Professor William Browne

Bio

Bill Browne is Professor of Statistics in the School of Education, University of Bristol. He studied all his degrees at the University of Bath finishing his PhD in the maths school in 1998. He has been a professor at Bristol for 11.5 years having spent seven years at the School of Veterinary Science as Professor of Biostatistics before moving to Education. He also was the founding director of the Jean Golding Institute for Data Intensive research from 2015-2017. 

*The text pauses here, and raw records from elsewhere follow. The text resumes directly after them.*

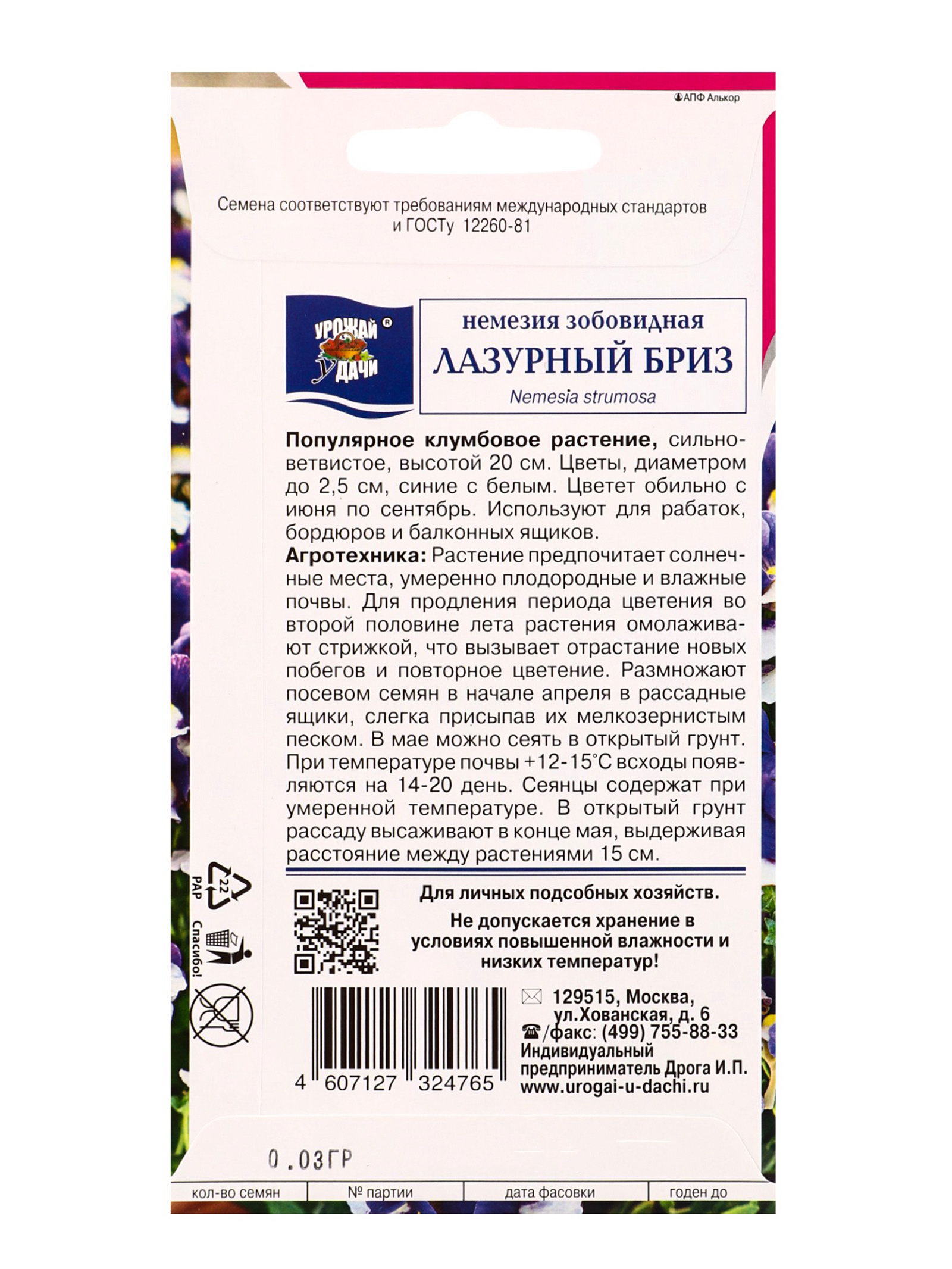 Семена цветов Немезия зоб. ЛАЗУРНЫЙ БРИЗ 0.03 гр, УРОЖАЙ УДАЧИ, Россия
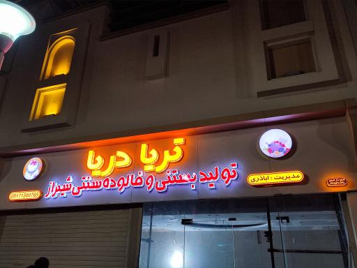 تریا دریا (بستنیفروشی و آبمیوهفروشی) در محله پشت شهر بندرعباس و بلوار آیتالله طالقانی واقع شده است. این مکان یکی از پنج آبمیوه و بستنی در محله پشت شهر بندرعباس میباشد و از نظر موقعیت جغرافیایی در نزدیکی مراکز مهمی مانند بیمارستان صاحب الزمان و بازار جدید ماهی فروشان بندرعباس و همچنین رستوران دریایی علوش، فروشگاه رفاه(کرانه)، قنادی نگین کیک، بانک کشاورزی و کلبه ماهی ومیگو خوران جنوب قرار گرفته است. همچنین با توجه به نظراتی که کاربران در اپلیکیشن نشان به این مکان دادهاند میتوان گفت این مکان یکی از بستنیفروشیها و آبمیوهفروشیهای خوب این منطقه میباشد.
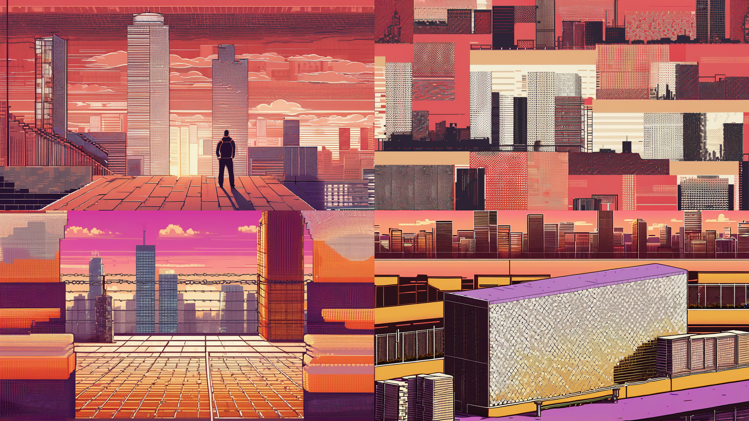 building, chain-link fence, city, cityscape, fence, halftone, pixel art, rooftop, skyscraper Steps: 40, Sampler: DPM++ 2M Karras, CFG scale: 8, Seed: 1237, Size: 1280x720, Model hash: 31e35c80fc, Model: sdxlbase1.0, VAE hash: 63aeecb90f, VAE: sdxlvae.safetensors, Denoising strength: 0.8, Version: v1.6.0

These days he co-directs the Centre for Multilevel Modelling and his research interests are in statistical methods, software and applications. He developed the Bayesian MCMC functionality of the MLwiN software package and has published methodology papers on multilevel modelling as well as applied papers in a variety of disciplines. More recently he has become interested in teaching of statistics and the role of automation in both statistical analysis and teaching which is the topic of his fellowship.

Research interests

Bill Browne's Turing fellowship is looking at how we might bridge the statistical skills gap through automation and improved statistical training. This works builds on a recently completed British Academy grant that created functionality in the StatJR software package to automate the production of teaching materials that use the SPSS software package.

Within the fellowship there are several strands: looking into translation across software packages; translation across different disciplines; adaptation of materials for assessment purposes; investigating what we can learn about teaching from automation and conversely what we can learn about data science training from education research. Bill hopes to work with Ben Murton at the Turing to bring together researchers and funders from different disciplines to share ideas about statistical training.